Thie dit qu’elle veut élever sa fille pour qu’elle soit une dirigeante, pas une adepte, mais qu’elle l’a déjà entendue appeler «volontaire» et «tattletale».
«Ce que j’essaie de lui enseigner, ce n’est pas toutes les situations qui nécessitent le même type de réponse. Parfois, il convient d’être «autoritaire» et d’autres fois il faut une approche plus douce. Vous devez trouver un moyen de vous y retrouver », explique Thie.
Retournez le script
La psychologue Melissa Johnson, fondatrice et PDG de l’Institute for Girls’s Development de Pasadena, en Californie, ne comprend que trop bien l’importance des mots.
Elle a développé un programme appelé «Stand Up! S’exprimer!” qui encourage les filles à utiliser le «discours courageux» et le «discours franc» pour s’affirmer. Pourtant, beaucoup s’inquiètent si elles sont plus directes, elles seront étiquetées «filles méchantes».
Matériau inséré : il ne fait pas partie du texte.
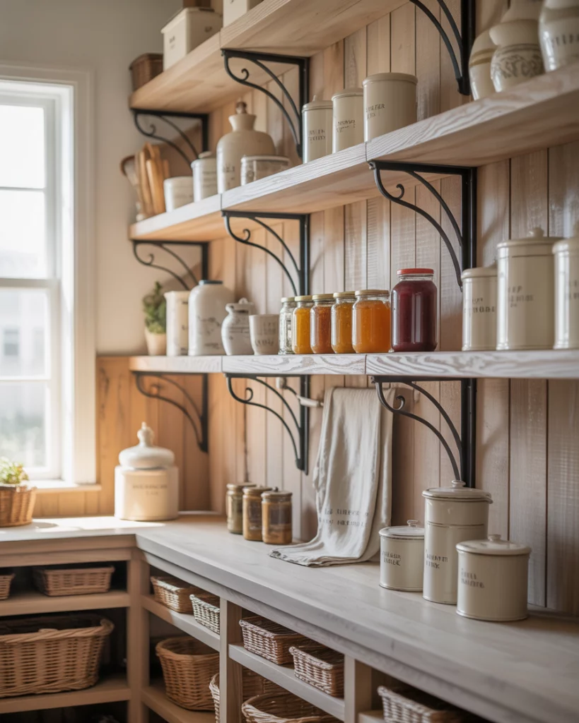 21. Open Kitchen Pantry Wall with Floating Shelves

Elle dit que les adultes jouent un rôle majeur en influençant la perception qu’ont les filles d’elles-mêmes, et suggère d’utiliser des descripteurs puissants comme «confiante», «compétente», «capable» et «courageuse» pour décrire les filles qui s’étendent hors de leur zone de confort.
Au lieu d’être «autoritaires», les filles peuvent avoir du «courage», de la «force», de «l’efficacité», de la «persévérance» et de la «persévérance». (Voici 10 façons d’interdire le «bossy» de votre vie.)
Il est également important d’examiner les termes liés au sexe, tels que «princesse» et «garçon manqué», dit Johnson.
“Il est essentiel de réfléchir à la façon dont nous utilisons le langage avec les enfants et de travailler à éliminer les stéréotypes culturels qui limitent les garçons et les filles”, ajoute Johnson.
L’auteur et conseillère de Novi, Tara Michener, reconnaît qu’elle a elle-même été victime d’étiquettes.
«J’ai eu des situations dans ma vie d’adulte lorsque je me suis assise à un certain siège ou que j’ai défendu quelque chose en quoi je crois et j’ai été qualifiée d ‘« agressive »même lorsque je souris», dit-elle. «Un gentleman pourrait faire la même chose et être appelé« courageux »ou« courageux ».»
Michener dirige un programme intitulé «Je m’aime parce que» visant à aider les filles à trouver des mots positifs pour se décrire.
«Pas pour être prétentieux, mais pour célébrer leurs forces», dit Michener.
Elle convient que les adultes jouent un rôle énorme en guidant les filles à surmonter leur peur d’être autoritaire et à trouver leur patron intérieur.
«Je pense qu’être un leader, c’est vraiment sortir et servir, alors encouragez-les s’ils ont une idée; les aider à le cultiver et à comprendre comment s’y prendre », dit-elle.
Ce message est mis à jour régulièrement.